At their press conference in Westminster yesterday, Mr Clarke and Mr Dorrell appeared on a platform together under the hurriedly arranged logo, "Uniting to win". But the right wing rejected their "unity" ticket, and warned that Mr Clarke would split the party over Europe.
"It is impossible for Clarke to win except in the nightmare scenario that in the third ballot, it is Hague versus Clarke. The strength of feeling against Hague is so great that some might be persuaded even Clarke is better than Hague. The idea of Hague running the shadow cabinet is risible," a member of one of the opposing camps said.
Iain Duncan-Smith, a supporter of John Redwood, said that after trimming to the right on Europe, Mr Dorrell was "coming home" to the pro-European wing of the Tory party.
Mr Dorrell will be unable to bring a "dowry" with him. His supporters, including David Faber, Peter Luff, Simon Burns, and Shaun Woodward, are expected to be split among the other camps.
All the leadership candidates paraded before the National Union of party workers at Conservative Central Office. The National Union will meet again on 9 June and decide on its own choice of leader, on the eve of the first ballot, which is restricted to MPs.
Mr Dorrell dropped out because it became clear he would trail a poor sixth in the first ballot.
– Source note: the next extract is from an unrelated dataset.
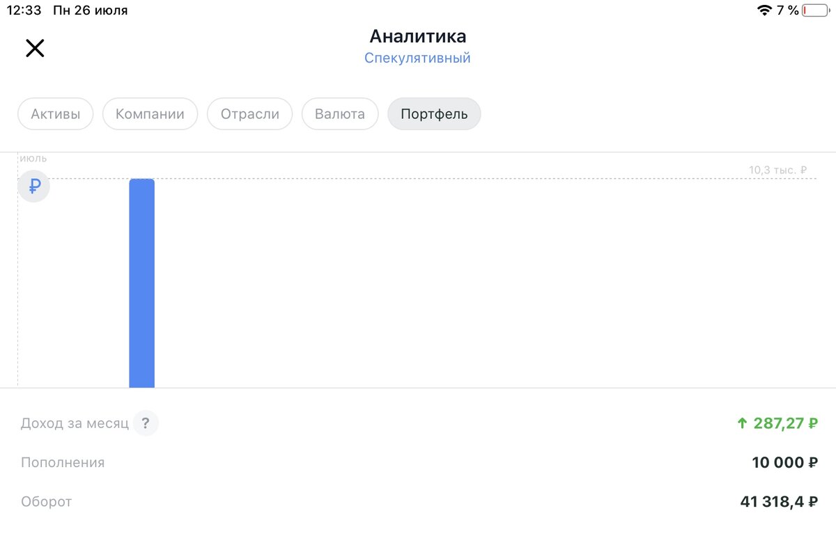 Я решил провести эксперимент и завёл спекулятивный брокерский счёт. На этот счёт положил 10 000 рублей и больше не планирую докладывать деньги. Наращивать размер депозита буду с помощью торговли. Посмотрим, что из этого получится. Итак, 26 июля 2021 года, старт 10 000 рублей. Здесь я буду делиться своими сделками. У меня включена маржинальная торговля. И первая сделка на этом счету – покупка 24 акций компании Северсталь на все плечи. Точка входа – 1721,6 (по рыночной цене) Стоп-лосс – 1715 Тейк-профит – 1740 Тейк стоит на закрытие утреннего гэпа, а стоп на локальном минимуме. Если мой тейк-профит сработает, я прибавлю около 4% к депозиту. На таких суммах это всё несерьезно, но надо же с чего-то начинать. Если тебе интересно следить за моим экспериментом – подписывайся на канал. Но помни, всё сказанное здесь не является индивидуальной инвестиционной рекомендацией. На момент публикации этого поста мой портфель выглядит вот так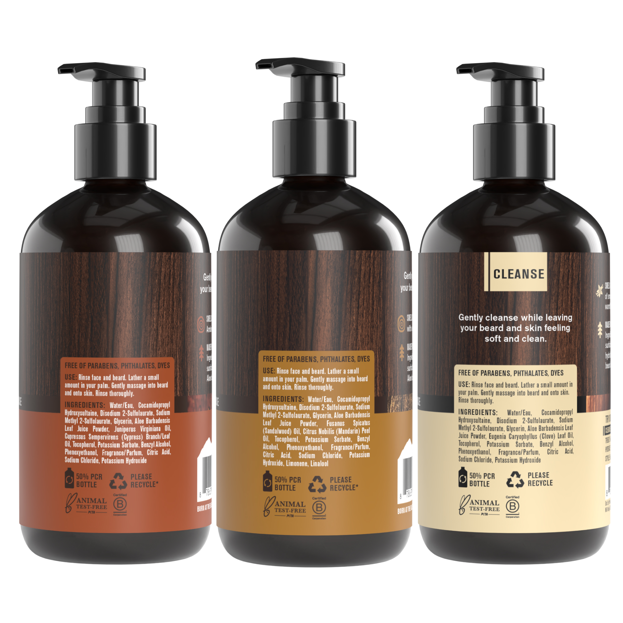 | Short Name | Beard + Face Wash - Sandalwood, Vanilla + Cedar, Aged Bourbon Bundle - 6.7 fl oz - 3 Pack |

He said that Mr Clarke was the "biggest hitter" who could win. Mr Clarke's shift of policy on the single currency this week, calling for the January 1999 deadline to be delayed, made the move easier for Mr Dorrell.
But Mr Clarke last night rejected an appeal to the Euro-sceptic right. Delivering the Butler lecture, Mr Clarke said the Tories would never win an election by consolidating the core support and pursuing the 900,000 who backed the Referendum and UK Independence Parties. "We need to aim at the sections of the electorate who ought to be Conservative but are most difficult to attract at the moment - particularly young, uncommitted voters under the age of 45," he said.
The Tory leadership also said it was scrapping the existing candidates' list of more than 600 names. The new leader will order a fresh list to be drawn up.